● **SUPPLIED MATERIAL**
BEGIN

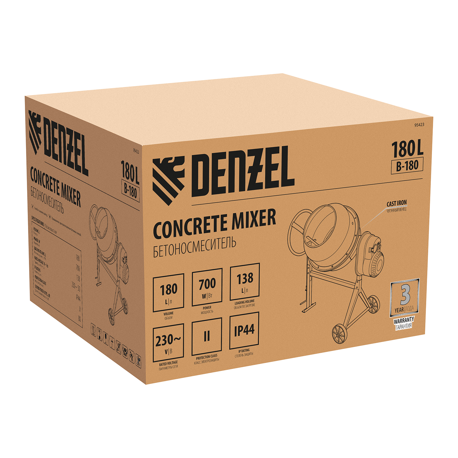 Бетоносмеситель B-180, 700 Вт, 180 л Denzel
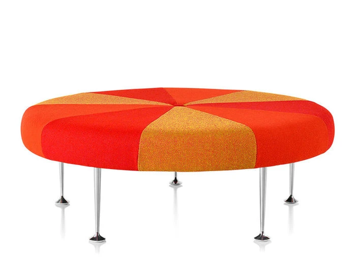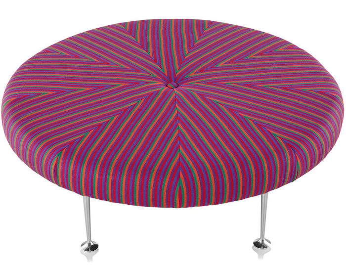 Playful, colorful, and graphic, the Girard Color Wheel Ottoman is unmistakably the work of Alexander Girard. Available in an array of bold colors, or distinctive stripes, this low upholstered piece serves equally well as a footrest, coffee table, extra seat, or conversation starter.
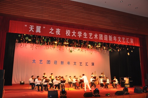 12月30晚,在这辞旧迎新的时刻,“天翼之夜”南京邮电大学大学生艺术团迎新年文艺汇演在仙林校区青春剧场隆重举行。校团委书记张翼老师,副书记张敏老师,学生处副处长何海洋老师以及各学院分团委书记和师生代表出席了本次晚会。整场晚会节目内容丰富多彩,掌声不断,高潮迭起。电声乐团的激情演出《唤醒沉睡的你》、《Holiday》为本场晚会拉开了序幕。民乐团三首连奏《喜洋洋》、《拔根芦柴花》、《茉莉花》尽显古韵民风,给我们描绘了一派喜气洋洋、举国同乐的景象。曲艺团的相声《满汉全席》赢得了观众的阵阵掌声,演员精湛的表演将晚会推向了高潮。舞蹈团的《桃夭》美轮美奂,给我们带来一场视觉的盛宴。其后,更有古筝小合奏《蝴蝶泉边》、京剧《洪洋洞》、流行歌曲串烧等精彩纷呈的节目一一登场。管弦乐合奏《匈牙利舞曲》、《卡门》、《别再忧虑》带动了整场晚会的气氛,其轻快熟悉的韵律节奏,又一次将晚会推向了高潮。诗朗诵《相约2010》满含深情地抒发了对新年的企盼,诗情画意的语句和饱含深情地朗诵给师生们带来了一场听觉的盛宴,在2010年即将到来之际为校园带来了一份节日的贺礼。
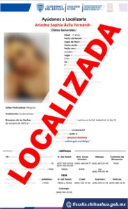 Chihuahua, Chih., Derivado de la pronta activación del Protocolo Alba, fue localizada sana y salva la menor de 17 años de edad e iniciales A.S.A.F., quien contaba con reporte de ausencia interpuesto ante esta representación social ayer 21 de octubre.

END

● **EXERCISE DIRECTIONS**
Only the lines from the first line of the listing above through the line with "Playful, colorful, and" should be set down, exactly and without pictures.

● **REPLY**
 Бетоносмеситель B-180, 700 Вт, 180 л Denzel
 Playful, colorful, and graphic, the Girard Color Wheel Ottoman is unmistakably the work of Alexander Girard. Available in an array of bold colors, or distinctive stripes, this low upholstered piece serves equally well as a footrest, coffee table, extra seat, or conversation starter.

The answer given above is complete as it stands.